Seakan kehabisan kata, kami pun terdiam. Cukup lama hingga lamunanku tersadarkan dengan ucapan Radit.
“Ri, aku rasa waktuku kian dekat!” ucapnya dengan raut yang tak tergambarkan
“Apaan sih, dari tadi ucapannya ngaco. Jangan bilang gitu dong Dit! Masih ingat dengan janji kita bukan? Percayalah kamu akan selalu bersamaku. Aku tak akan membiarkan kamu jauh dariku, walau hanya sedetikpun”
“Riri, kamu sadar ngak! Kamu tahu Bulan, saat Mentari datang ia harus selalu pergi dan tampak menghilang. Padahal bisa aja kan dia tetap disana, padahal bulan itu masih ingin berbagi terangnya dengan satu atau dua orang yg masih membutuhkan sinarnya" ucapnya sambil tetap fokus dengan permainannya.
“lalu, apa hubunganya dengan kamu ?” Tanyaku tak faham.
“aku itu seperti bulan, sekuat apapun aku berusaha dan meminta untuk tetap disini, tapi itu semua tetap kehendak Allah. Sekuat apapun aku meminta jika takdirku sudah datang, aku tak bisa berbuat apa-apa dan harus tetap meninggalkan kalian bukan” ucapnya tanpa mengalihkan pandangan
“tapi, bukankah bulan selalu muncul esoknya, tetap menerangi malam kita kan?” bantahku
Dia tidak menjawab’nya tapi tetap tersenyum manis sekali. Senyum terindah yang akan selalu kukenang.
“Ri, kamu mau berjanjii kan padaku?” Pintanya dengan menatapku
“Janjii apa ?”
“Seandainya, sang takdir nanti menjemputku, kamu jangan menangis ya, tetaplah tersenyum padaku. Beri senyum terindahmu untukku.” pintanya dengan tatapan berharap
“Tolong, jangan berucap seperti itu. Aku akan selalu bersamamu. Kamu kan udah berjanji kita akan terus bersama sampai nanti. Plisss jangan kau ingkari, izinkan aku menemanimu!!” racauan itu terus terucap dari bibirku air mataku yang sedari tadi aku tahan akhirnya leleh juga.
“Riri, mengasihlah sekarang, tapi tidak untuk esok! Ingatlah, hampir seluruh hidupku selalu bersamamu bukan? Kamu selalu menemaniku dimanapun aku berada dan kapanpun aku butuh. Tapi untuk yang terakhir, aku nggak mau egois lagi. Maaf, aku tak ingin apalagi meminta agar kamu terus bersamaku. Saat aku pergi, tetaplah bertahan disini, sebarkan janji persahabatan kita, ajarkan pada mereka bahwa persahabatan adalah hal sederhana,dan tidak perlu menukarnya dengan nyawa, cukup menyimpannya disini” ujarnya sambil meletakkan tanganku didanya
Kata-katanya mendiamkanku, menghancurkan semua dinding pertahananku. Hampir seluruh hidupku kulakukan dengannya, menyanyi, menangis, tertawa kita berbagi berdua. Namun, aku sadar akan kuasaNya. Semua akan kembali kepadaNya. Dan ini adalah takdir dariNya.

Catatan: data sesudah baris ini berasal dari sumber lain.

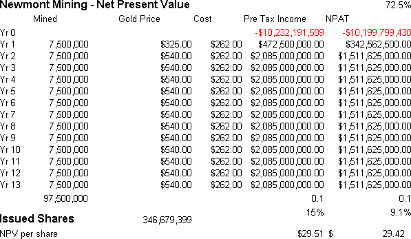 The valuation assumes that Newmont has 346.7 million shares in issue, its mines will produce at the rate of 7.5 million ounces a year at a cost of $262 per ounce of getting the gold out of the ground. It also assumes a required return on investment of 15% p.a. based on PRE TAX earnings and 9% p.a. based on AFTER (27.5%) TAX earnings. (And it also ignores the profit "cap" of Newmont's forward book)

Kami terdiam lagi, tatapan kami sama-sama menuju lurus kedepan, mengamati sinar matahari yang sedikit demi sedikit termakan oleh senja.
“ayo pulang, udah sore” ucapnya sambil menarik tanganku, dan menggengamku dengan erat. Seolah hari esok tak ada lagi.
Kami berjalan beriringan saling menautkan jemari kami, memantapkan setiap langkah , berharap masih ada hari esok yang indah, bukan kehilangan ataupun perpisahan dan tetap melihat senyuman tanpa ada tangisan.
……………………………………………………………………………………….
Jam tengah berganti hari, hari ini adalah hari yang kuhindari. meskipun aku sudah berusaha ihklas.  Melepasnya adalah daftar pilihan yang sangat aku hindari. Ya, kini aku berada diatas gundukan tanah dengan nisan yang bertuliskan Raditya Wijaya tertancap diatasnya. Kini omongan Radit sore itu  memang terbukti, namun air mata ini berkhianat tak mau berhenti.
 “maaf, untuk hari ini ijinkan aku menangis. Aku berjanjii besok aku tak akan ada air mata lagi lagi” batinku berkata
Tak hanya aku yang menangis disini, teman-teman, guru, apalagi orangtuanya mengangisi kepergiannya. Radit sahabatku yang selalu ada memang pergi, tapi aku yakin jika jiwanya selalu ada di hatiku seperti janjinya kepadaku. Dan hari ini aku resmi melepas sahabatkku Radit Wijaya, namun aku berjanji namanya akan tetap selalu ada dalam hati dan fikiranku. Selamat jalan Radit.